Rimbaud utilise la forme du sonnet, dans laquelle il introduit un certain nombre de modifications. Il
change le schéma des rimes des deux quatrains, place l'articulation principale entre le premier
quatrain (la nature) et le second (le personnage), utilise un trimètre « romantique » pour souligner
la rupture entre ces deux parties et mettre en valeur l'entrée en scène du « héros » de son poème.
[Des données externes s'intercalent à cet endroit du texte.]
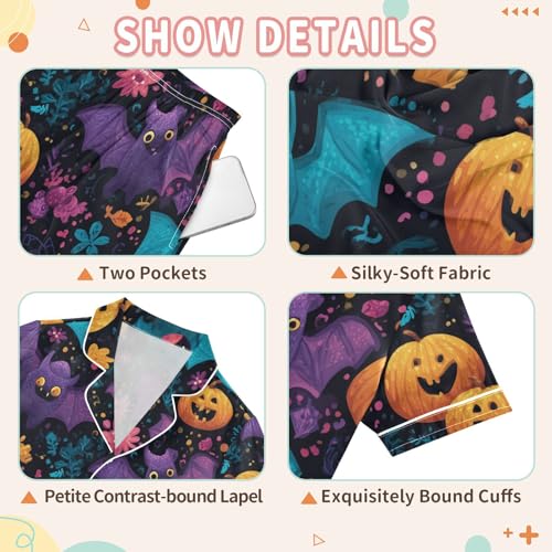 Satin Pajama Sets Short Sleeve Halloween Bats Pumpkins Button Down Silky Nightwear 2 Piece PJS 5-14Y 6
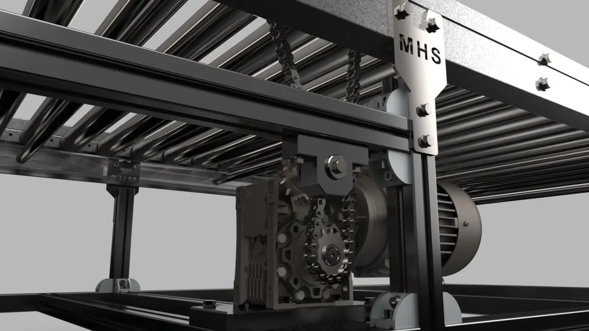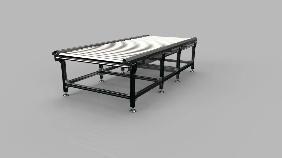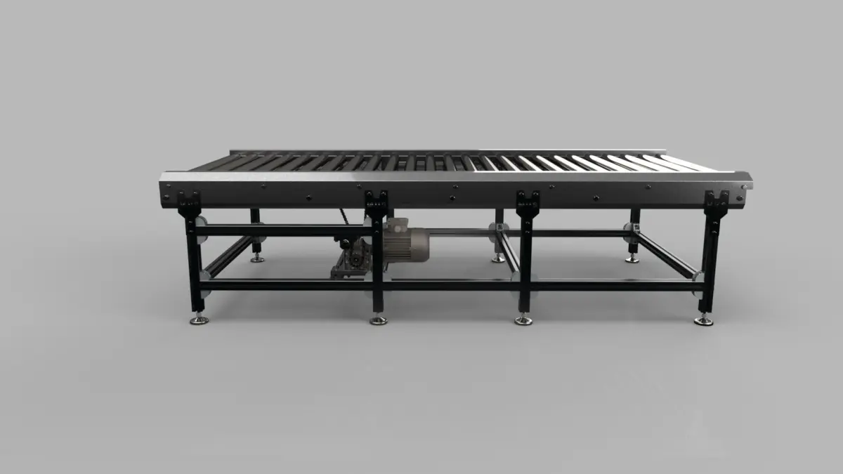 Chain driven roller conveyor. It is installed on a Sigma profile chassis. The gear code used is 08b1 z14. The drive motor used is ev50 case 110 rpm reducer motor. The roll diameter used is 60 mm and the width is 1000 mm. Carrying capacity is maximum 1500 kg. Side sheets can be used as 4 mm stainless steel or painted st-37 quality sheet.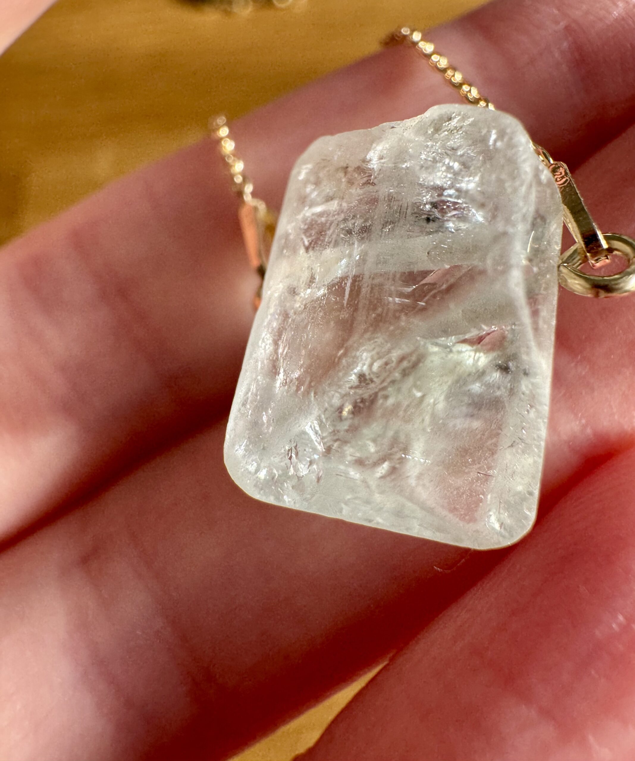 Ten topaz to nie tylko biżuteria – to energia czystości, odwagi i klarowności, zamknięta w nieoszlifowanej bryle natury.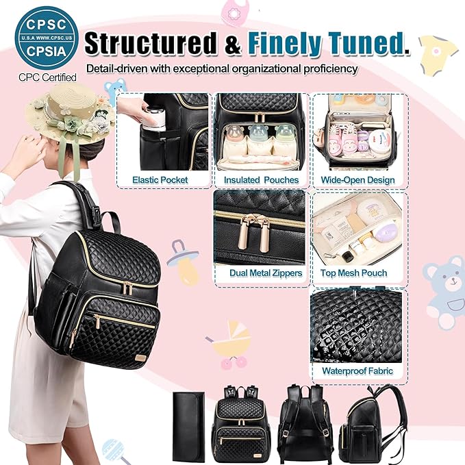 - 【Durable Build & Stylish baby bag】Baby diaper bag/ pañaleras para bebe With a sleek quilted design and gold-tone zippers, toddler diaper bag blends fashion and function. The high-quality faux leather diaper bag exterior resists wear, while the waterproof nylon interior protects contents. Available in multiple colors, it’s a diaper bag essentials for moms who want practicality without sacrificing style.

Il se livre néanmoins à un travail virtuose sur la composition, qui renvoie pour une grande part à
l'art pictural, comme le recommandaient les Parnassiens.

c.Une musique ambiguë


Le poète n'ignore pas non plus l'art de la musique, comme en témoignent les allitérations et
assonances, ou la rime intérieure du vers 7 (étendu/nue). Pourtant le « chant » de la rivière
annoncé au premier vers paraît bien discordant : Rimbaud multiplie les rejets (vers 3, 4, 7, 14) et
contre-rejet (vers 9), ainsi que les rejets internes ( « enfant // malade » au vers 10, « trous //
rouges » au vers 14). Tous ces rejets mettent en valeur les termes qui sont susceptibles d'inquiéter le
lecteur, qui introduisent une discordance dans la scène. De plus, au dernier vers, la césure met en
valeur le parallélisme sonore entre « trous » et « rouges », termes qui se retrouvent tous deux
accentués. La couleur rouge, celle du sang, contraste violemment avec l'harmonie du paysage. Elle
met également en valeur le terme « trou », qui porte le premier accent du poème. On comprend
alors que ce trou est le symbole de la perforation, de l'agression dont a été victime le jeune soldat,
tout en étant le nid douillet de son repos.